### Activity
Go through the listing below and write out exactly the lines from the one that mentions "Deze is ingericht" through the one that mentions "Decimal 51671616 Color", minus the pictures.

(Supplied records begins)

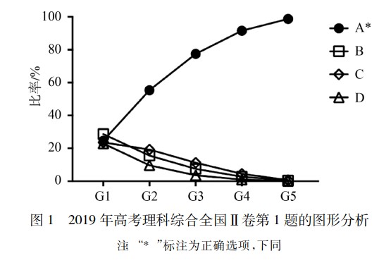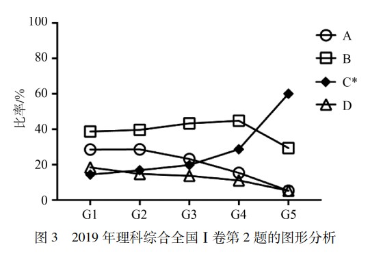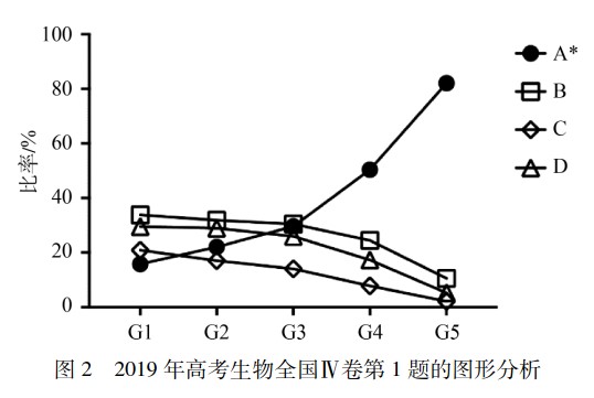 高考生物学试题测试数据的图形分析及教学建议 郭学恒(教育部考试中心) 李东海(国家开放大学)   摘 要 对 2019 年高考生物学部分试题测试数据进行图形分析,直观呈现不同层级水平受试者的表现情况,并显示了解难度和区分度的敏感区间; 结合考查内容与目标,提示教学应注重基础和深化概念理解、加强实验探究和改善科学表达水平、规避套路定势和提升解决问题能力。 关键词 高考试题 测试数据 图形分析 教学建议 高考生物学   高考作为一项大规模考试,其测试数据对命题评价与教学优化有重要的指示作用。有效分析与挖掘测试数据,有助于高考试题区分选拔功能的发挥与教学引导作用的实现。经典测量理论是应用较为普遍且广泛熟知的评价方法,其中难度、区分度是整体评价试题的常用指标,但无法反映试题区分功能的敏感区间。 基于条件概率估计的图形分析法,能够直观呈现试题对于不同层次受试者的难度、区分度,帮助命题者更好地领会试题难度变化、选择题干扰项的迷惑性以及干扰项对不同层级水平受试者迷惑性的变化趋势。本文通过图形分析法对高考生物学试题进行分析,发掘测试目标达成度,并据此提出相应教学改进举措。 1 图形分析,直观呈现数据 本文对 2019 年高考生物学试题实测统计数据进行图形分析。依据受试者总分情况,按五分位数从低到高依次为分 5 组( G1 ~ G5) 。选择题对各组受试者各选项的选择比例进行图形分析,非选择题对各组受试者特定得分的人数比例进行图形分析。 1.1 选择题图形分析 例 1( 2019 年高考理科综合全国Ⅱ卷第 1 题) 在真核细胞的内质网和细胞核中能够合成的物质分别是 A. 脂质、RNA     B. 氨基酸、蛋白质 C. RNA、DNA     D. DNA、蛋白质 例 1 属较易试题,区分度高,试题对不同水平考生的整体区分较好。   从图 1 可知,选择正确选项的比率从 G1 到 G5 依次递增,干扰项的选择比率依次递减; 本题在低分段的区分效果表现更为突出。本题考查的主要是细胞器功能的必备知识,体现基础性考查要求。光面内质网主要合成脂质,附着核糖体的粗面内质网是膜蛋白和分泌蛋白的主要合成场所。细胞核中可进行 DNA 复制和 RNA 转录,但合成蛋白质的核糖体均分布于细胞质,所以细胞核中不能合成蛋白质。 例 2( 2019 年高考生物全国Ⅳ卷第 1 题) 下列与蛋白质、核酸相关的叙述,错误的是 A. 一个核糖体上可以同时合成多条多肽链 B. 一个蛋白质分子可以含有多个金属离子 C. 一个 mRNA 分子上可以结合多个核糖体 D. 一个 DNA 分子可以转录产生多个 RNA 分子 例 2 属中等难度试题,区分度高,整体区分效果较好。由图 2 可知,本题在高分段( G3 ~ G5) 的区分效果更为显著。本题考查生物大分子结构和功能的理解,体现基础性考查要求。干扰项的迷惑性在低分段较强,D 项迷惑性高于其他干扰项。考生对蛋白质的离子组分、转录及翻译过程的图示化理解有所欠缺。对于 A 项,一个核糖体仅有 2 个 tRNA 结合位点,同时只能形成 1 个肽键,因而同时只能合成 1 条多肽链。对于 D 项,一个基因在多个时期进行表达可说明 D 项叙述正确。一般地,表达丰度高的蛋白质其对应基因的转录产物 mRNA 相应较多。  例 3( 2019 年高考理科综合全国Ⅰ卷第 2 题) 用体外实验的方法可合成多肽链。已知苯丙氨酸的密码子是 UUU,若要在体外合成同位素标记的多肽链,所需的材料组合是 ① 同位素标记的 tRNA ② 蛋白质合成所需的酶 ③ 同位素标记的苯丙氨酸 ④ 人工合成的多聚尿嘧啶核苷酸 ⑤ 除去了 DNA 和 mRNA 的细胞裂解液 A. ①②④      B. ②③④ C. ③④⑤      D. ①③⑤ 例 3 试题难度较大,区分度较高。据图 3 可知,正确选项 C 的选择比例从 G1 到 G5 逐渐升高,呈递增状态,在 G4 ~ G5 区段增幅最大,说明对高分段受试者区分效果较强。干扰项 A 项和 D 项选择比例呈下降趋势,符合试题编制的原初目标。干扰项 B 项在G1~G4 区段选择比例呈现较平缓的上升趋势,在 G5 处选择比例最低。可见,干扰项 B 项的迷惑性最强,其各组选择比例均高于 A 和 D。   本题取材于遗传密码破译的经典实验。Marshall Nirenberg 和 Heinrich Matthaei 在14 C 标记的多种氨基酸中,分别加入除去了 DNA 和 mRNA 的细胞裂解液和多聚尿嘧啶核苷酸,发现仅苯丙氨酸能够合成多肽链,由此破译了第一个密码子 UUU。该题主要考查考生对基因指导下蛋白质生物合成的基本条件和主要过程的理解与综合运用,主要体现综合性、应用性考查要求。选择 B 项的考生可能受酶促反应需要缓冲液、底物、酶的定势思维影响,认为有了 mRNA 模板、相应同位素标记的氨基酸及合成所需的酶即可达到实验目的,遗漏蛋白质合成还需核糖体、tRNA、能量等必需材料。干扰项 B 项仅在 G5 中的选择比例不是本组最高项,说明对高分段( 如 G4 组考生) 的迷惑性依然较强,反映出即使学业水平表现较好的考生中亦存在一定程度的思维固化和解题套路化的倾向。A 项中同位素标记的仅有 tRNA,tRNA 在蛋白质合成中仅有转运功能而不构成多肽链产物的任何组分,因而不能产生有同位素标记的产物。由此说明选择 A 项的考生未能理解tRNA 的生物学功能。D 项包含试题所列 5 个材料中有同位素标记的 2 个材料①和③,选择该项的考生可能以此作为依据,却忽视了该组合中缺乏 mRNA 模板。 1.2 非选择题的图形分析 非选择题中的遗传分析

(Supplied records ends)
(Supplied records begins)

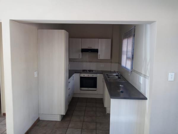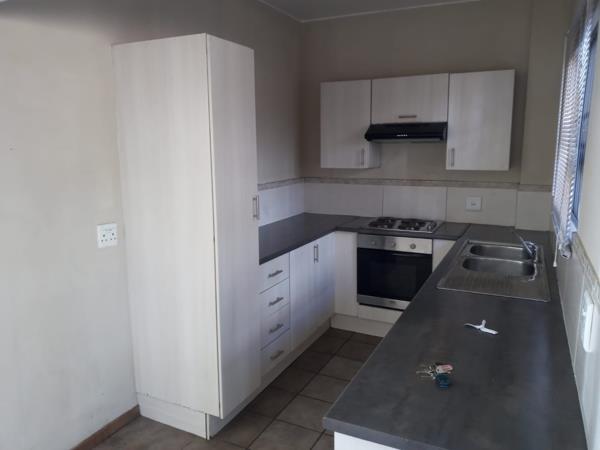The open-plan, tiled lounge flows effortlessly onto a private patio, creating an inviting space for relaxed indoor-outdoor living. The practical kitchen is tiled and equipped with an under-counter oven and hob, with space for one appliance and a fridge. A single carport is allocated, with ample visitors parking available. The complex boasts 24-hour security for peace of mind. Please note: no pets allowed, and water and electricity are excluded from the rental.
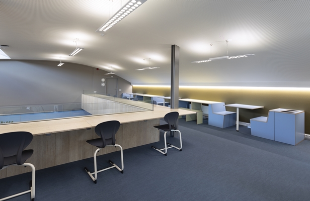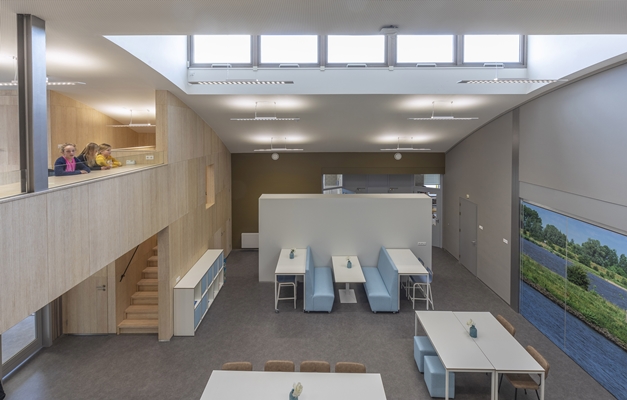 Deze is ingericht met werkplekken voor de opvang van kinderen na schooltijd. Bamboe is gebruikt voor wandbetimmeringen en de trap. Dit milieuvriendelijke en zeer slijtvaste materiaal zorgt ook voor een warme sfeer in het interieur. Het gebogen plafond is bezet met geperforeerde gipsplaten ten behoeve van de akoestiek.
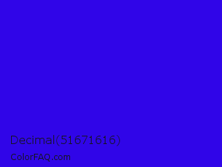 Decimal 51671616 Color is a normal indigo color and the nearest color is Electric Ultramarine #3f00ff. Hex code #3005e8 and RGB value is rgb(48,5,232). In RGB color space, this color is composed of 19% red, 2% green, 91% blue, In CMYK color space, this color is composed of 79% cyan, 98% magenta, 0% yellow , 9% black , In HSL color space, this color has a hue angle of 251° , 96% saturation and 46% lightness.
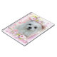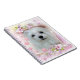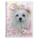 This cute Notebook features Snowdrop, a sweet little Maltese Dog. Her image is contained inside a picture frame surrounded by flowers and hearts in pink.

(Supplied records ends)
(Supplied records begins)

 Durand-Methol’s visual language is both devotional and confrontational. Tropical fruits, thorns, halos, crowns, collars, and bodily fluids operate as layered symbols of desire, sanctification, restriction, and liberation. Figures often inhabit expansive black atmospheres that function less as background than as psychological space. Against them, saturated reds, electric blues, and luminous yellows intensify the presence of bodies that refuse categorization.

(Supplied records ends)

### Answer
 Deze is ingericht met werkplekken voor de opvang van kinderen na schooltijd. Bamboe is gebruikt voor wandbetimmeringen en de trap. Dit milieuvriendelijke en zeer slijtvaste materiaal zorgt ook voor een warme sfeer in het interieur. Het gebogen plafond is bezet met geperforeerde gipsplaten ten behoeve van de akoestiek.
 Decimal 51671616 Color is a normal indigo color and the nearest color is Electric Ultramarine #3f00ff. Hex code #3005e8 and RGB value is rgb(48,5,232). In RGB color space, this color is composed of 19% red, 2% green, 91% blue, In CMYK color space, this color is composed of 79% cyan, 98% magenta, 0% yellow , 9% black , In HSL color space, this color has a hue angle of 251° , 96% saturation and 46% lightness.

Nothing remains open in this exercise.